TIMOTHY WEST
(20 October 1934 – 12 November 2024)
Timothy West, who has died at the age of 90, was one of Britain’s finest actors, making a substantial mark in the theatre, on television and on radio. He appeared in all kinds of roles in Shakespeare, Chekhov, Ibsen and O’Neill, modern classics by Pinter, Rudkin and Rattigan, as well as contemporary works, and was a member of both the Royal Shakespeare and National Theatre companies. His work on television was no less variable, from Austen, Dickens and Dostoevsky to Agatha Christie, J.B. Priestley and Joe Orton, and he appeared in both major TV soaps, EastEnders and Coronation Street. In films his range was wider still with thrillers such as The Day of the Jackal, The Looking Glass War and The Thirty-Nine Steps and such historical subjects as Hitler: The Last Ten Days (as Karl Gebhardt), Cry Freedom and Endgame, on the fall of Apartheid.
Timothy Lancaster West was born in Bradford, Yorkshire, to the actors Lockwood West and his wife Olive Carlton-Crowe. They moved to Bristol and then lived in Ruislip in Greater London. When he expressed a desire to be an actor, his parents tried to dissuade him, so he became a furniture salesman and recording engineer but also joined an amateur drama group. His first theatre job at 21 was box-office manager at Frinton-on-Sea where he met his first wife, Jacqueline Boyer. They had a daughter, Juliet, but separated when his wife had mental problems. He made his debut as an actor in Summertime, in Wimbledon, and made his West End debut in 1959 in the farce Caught Napping at the Piccadilly Theatre.
From 1962 West joined the RSC in London, appearing in The Comedy of Errors, Timon of Athens and Love’s Labour’s Lost. He also appeared as Macbeth twice, did two Uncle Vanyas and four King Lears for companies such as Prospect, the English Touring Theatre, the Old Vic, the Bristol Old Vic and the Edinburgh Festival.
On television Timothy West played some real-life characters including the title role in Edward the Seventh, Horatio Bottomley in The Edwardians, Winston Churchill in Churchill and the Generals and The Last Bastion, Cardinal Wolsey in Henry VIII, as well as Thomas Beecham, Mikhail Gorbachev and Martin Luther. He displayed a brilliant sense of the absurd in Brass, John Stevenson and Julian Roach’s parody of a bleak 1930s Northern town with two feuding families, rich and poor, with West as the awful local benefactor Bradley Hardacre. His last TV appearance was in Doctors in 2014.

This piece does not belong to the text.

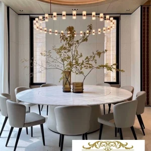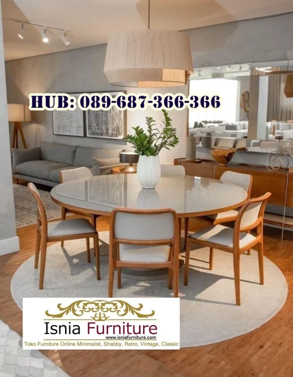Meja makan yang mempunyai 6 kursi cocok untuk keluarga atau ruang makan yang tidak terlalu kecil. Meja ini biasanya berbentuk persegi panjang, bulat, atau lonjong, dan sudah dilengkapi dengan enam kursi yang sesuai dengan desainnya.
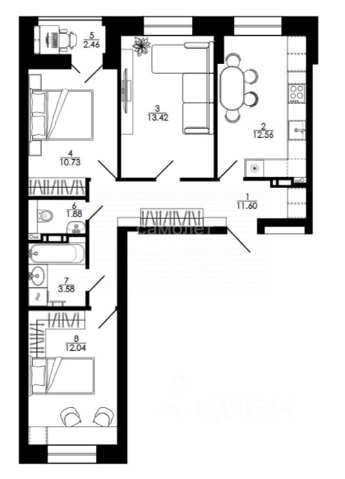 Комнаты по 10,73, 13,42 и 12,04м², кухня-гостиная площадью 12.

Timothy West’s first film was Sidney Lumet’s The Deadly Affair, adapted from John le Carré’s spy thriller, in 1966. He then did Twisted Nerve for the Boultings, and another le Carré adaptation, The Looking Glass War. He played Dr Botkin in the historical epic Nicholas and Alexandra, and was one of the French Surete to be baffled by the plot to kill Charles De Gaulle in Fred Zinnemann’s excellent The Day of the Jackal (1973). After that he worked regularly in films including Cry Freedom, Richard Attenborough’s biopic of the South African activist Steve Biko. He played the King in Ever After, a new version of Cinderella with Drew Barrymore, and he was the Judge in 102 Dalmatians. In Richard Eyre’s Iris, with Judi Dench as the novelist Iris Murdoch, he played her friend Maurice, while his own son, Samuel West, was cast as the younger Maurice.
When he wasn’t acting, Timothy West was directing at the Forum, Billingham or Prospect Theatre or at the University of Western Australia. And if he wasn’t doing that, he was pursuing his many interests as an ambassador for children’s charities, or supporting the Talyllyn Railway in Wales and the Inland Waterways Association. This last led him to make programmes for Channel 4 with his wife Prunella Scales on canal boating. In 1984 he was appointed a CBE for his services to drama.
After his divorce from his first wife, West married Prunella Scales in 1963 and they have two sons, Samuel and Joseph, both actors. When Prunella contracted Alzheimer’s, she could no longer work but did appear with Tim on their canal jaunts and, at the time of writing, she is 92. Both were excellent actors and, in starting their own acting dynasty, they still exert their influence on their chosen profession. They just don’t make them like Tim and Pru anymore.